Open cpcloud opened 9 years ago
FWIW, Spark can use the JDBC connector to do computation. It looks like this:
sc = SparkContext(...)
sql = HiveContext(...)
df = sql.load("jdbc", url="jdbc:postgresql:dbserver", dbtable="schema.tablename")
I don't think this would be that tricky. The function would look something like this:
@append.register(SQLContext, sa.Table)
def sql_to_sparksql(ctx, tb, **kwargs):
url = connection_string_from_engine(tb.bind) # <- not implemented, but i think easy
dbtable = [tb.name]
if tb.schema is not None:
dbtable.insert(0, tb.schema)
return ctx.load('jdbc', url=url, dbtable='.'.join(dbtable))

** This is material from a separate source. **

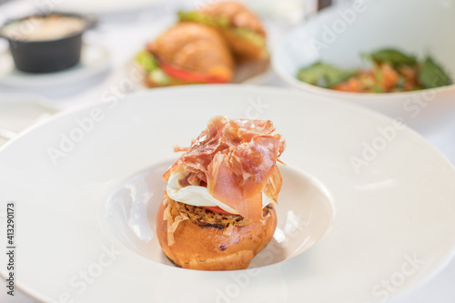 Eggs Benedict on toasted muffins with ham and sauce. Breakfast Buffet Concept, Breakfast Time. Various brunch on the table

here's the spark docs on using jdbc
https://spark.apache.org/docs/1.3.0/sql-programming-guide.html#jdbc-to-other-databases
If anyone is interested in implementing this, you'll have to sudo apt-get install libpostgresql-jdbc-java
for testing on Travis-CI and then set SPARK_CLASSPATH
to one of the following
/usr/share/java/postgresql-jdbc3-9.1.jar
/usr/share/java/postgresql-jdbc4-9.1.jar
because according to the travis docs the default install is postgres 9.1
By default, the build environment will have version 9.1 running already.
The postgres connection string syntax can be found here:
https://jdbc.postgresql.org/documentation/91/connect.html
one really annoying thing is that it looks like jdbc connection strings aren't standard and can be different for different vendors
here's oracle's:
http://docs.oracle.com/cd/B28359_01/java.111/b31224/urls.htm#BEIJFHHB
migration from blaze
https://github.com/ContinuumIO/blaze/issues/582
reposting for ease of use:
from @chdoig
As Spark is becoming a popular backend, it's a common use case for people to want to transfer their datasets in DBs to a Spark/HDFS cluster.
It would be nice to have an easy interface for end-users to transfer their tables in DBs to a Cluster.
into(Spark/HDFS, SQL DBs)
A lot of people are talking now about tachyon, maybe worth taking a look: http://tachyon-project.org/ http://ampcamp.berkeley.edu/big-data-mini-course/tachyon.html
This might be related with @quasiben work on SparkSQL. Maybe a barrier for people to star using SparkSQL is how they should make that transfer since:
But I'm not able to find how you make that connection from existing SQL DBs: http://spark.apache.org/docs/latest/sql-programming-guide.html
cc: @mrocklin